The Hardware/Software Interface: Digital logic (boolean algebra, logic gates, KV maps, etc…), assembly language

Source Code Control and the Build Process: CVS/SVN/git, committing code, assigning defects/features, creating a backend build process.

Sophomore Year – Filling the toolbox

Data Structures and Algorithms (2-semester interleaved course): big-O, lists, arrays, hash tables, binary trees, searching, sorting, …

Programming in [Student’s Choice]: In depth programming course in the language of the student’s choice.

Debugging/Troubleshooting:I am amazed at how impressively bad a lot of working programmers are at this. Suggested Textbook: “Debugging: The 9 Indispensable Rules for Finding Even the Most Elusive Software and Hardware Problems.”

Debottlenecking Code: profiling, optimizing, Static/Dynamic code analysis. Focus on CPU-bound applications.

Networking Basics: Topics including, networking hardware, topologies, basic signaling, and protocols.

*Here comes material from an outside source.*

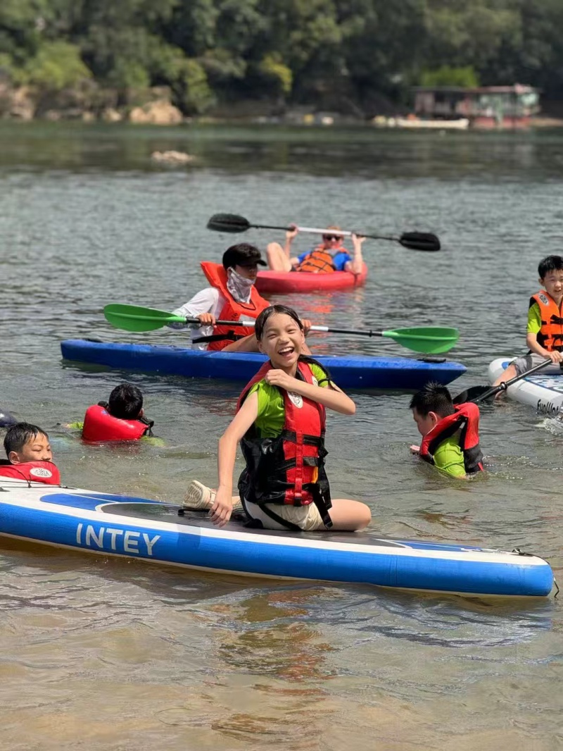 来到户外,同学们泛舟漓江,感受阳朔夏日的清凉,教练专业指导,伙伴们相互鼓励,第一次玩桨板的紧张一扫而光。

Junior Year – Sharpening the tools

Application Architecture: Become familiar with common application architectures, associated issues, and relevant technologies. (Desktop, Client-Server, N-Tier, Web, Embedded, AJAX, etc.)

CRUD Applications 1: Microsoft Access, data normalization, SQL, queries, frontend UI, reporting

CRUD Applications 2: Migrate application developed in CRUD Applications 1 to 3-tier web/app server/SQL server

Programming Technique: OOP, Design Patterns, Refactoring, Coupling Cohesion.

Technical Writing: a general technical writing course from the English department

Software Engineering Ethics: history of famous software mistakes, IP issues, the conflicts between making money and doing the right thing

Senior Year – From machinist to craftsman

Building A Non-Trivial Application: Each student (individually only) builds anything they want (2D/3D game, business app, …) using any programming language they wish. It must exceed 3000 LOC and be reasonably commented. In the final portion of the course, they must implement a new non-trivial feature in a classmate’s project.

Testing Software: Tools and technique (Unit, Automated, Load, Regression, Integration)

Usability / User Experience: Suggested text – “About Face 2.0: The Essentials of Interaction Design”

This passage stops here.